15. L’Assemblée reconnaît le droit, voire le devoir, des organes d’application de la loi de poursuivre en justice les auteurs d’infractions pénales. Elle reconnaît également le droit légitime des dirigeants politiques élus de poursuivre leurs objectifs politiques, y compris dans la sphère économique. Toutefois, elle s’oppose fermement à ce que ceux-ci, pour ce faire, se servent des procédures d’application de la loi.
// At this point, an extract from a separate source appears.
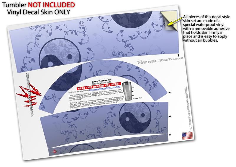 Skin Wrap Decal for 2017 RTIC Tumblers 40oz Feminine Yin Yang Blue (TUMBLER NOT INCLUDED)

Dans ce contexte, il est fait référence à l’arrêt rendu le 19 mai 2004 par la Cour européenne des Droits de l’Homme dans l’affaire Gusinskiy, dans lequel la Cour a conclu que la détention provisoire de Gusinskiy, fondateur de N-TV, violait l’article 5 de la CEDH, car les poursuites à l’encontre du requérant visaient à l’intimider pour qu’il vende à Gazprom sa participation au capital de N-TV.
16. Par conséquent l’Assemblée, de manière générale :
demande aux autorités russes de poursuivre et de mettre en œuvre vigoureusement la réforme du système juridique et judiciaire, et des autorités policières et d’investigation, en vue de renforcer l’Etat de droit et la protection des droits de l’homme, et de continuer à coopérer avec le Conseil de l’Europe, dans le cadre des programmes en cours ;
encourage les tribunaux à affirmer leur indépendance vis-à-vis des autorités exécutives en évaluant la culpabilité ou l’innocence de toutes les personnes accusées, en appliquant la loi conformément à la Convention européenne des Droits de l’Homme ;
invite les autorités chargées des centres de détention provisoire à faire en sorte que l’accès des avocats à leurs clients placés en détention ne soit plus soumis à aucune condition non prévue par la loi – notamment à une autorisation préalable ou à une recommandation du ministère public –, et à créer les conditions pour l’exercice effectif du droit à la défense des personnes placées en détention, en particulier le respect du lien privilégié entre les avocats et leurs clients ;
demande instamment aux autorités compétentes d’assurer que tous les centres de détention provisoire, y compris le centre d’isolation de Lefortovo à Moscou, soient soumis au contrôle du ministère de la Justice, conformément aux engagements contractés précédemment par la Fédération de Russie.
17. En ce qui concerne plus particulièrement les affaires des anciens hauts dirigeants de Ioukos, l’Assemblée :
exhorte les autorités exécutives de la Fédération de Russie à garantir la pleine indépendance des procédures judiciaires engagées contre les hauts dirigeants de Ioukos vis-à-vis de toute tentative de les influencer et à prendre des mesures pour mettre fin à de telles tentatives ;
exhorte les procureurs à exercer leurs fonctions, dans le cadre de ces procédures, de manière professionnelle, impartiale et objective, en respectant la lettre et l’esprit des garanties procédurales en faveur de l’accusé, telles qu’elles sont énoncées dans le Code de procédure pénale russe et la Convention européenne des Droits de l’Homme, ainsi que les principes énoncés dans la Recommandation Rec(2000)19 du Comité des Ministres sur le rôle du ministère public dans le système de justice pénale ;
appelle les tribunaux à garantir un accès public effectif aux audiences, dans le cadre des procédures engagées contre les hauts dirigeants de Ioukos ;
demande instamment aux autorités compétentes de faire en sorte, en particulier, que seules les parties du procès à l’encontre de M. Pitchouguine directement liées à des informations qui doivent légitimement rester secrètes se tiennent à huis clos, compte tenu de l’importance que la Convention européenne des Droits de l’Homme attache au principe de l’audience publique ;
demande instamment aux autorités compétentes d’autoriser immédiatement un examen médical indépendant de l’état de santé de M. Lebedev.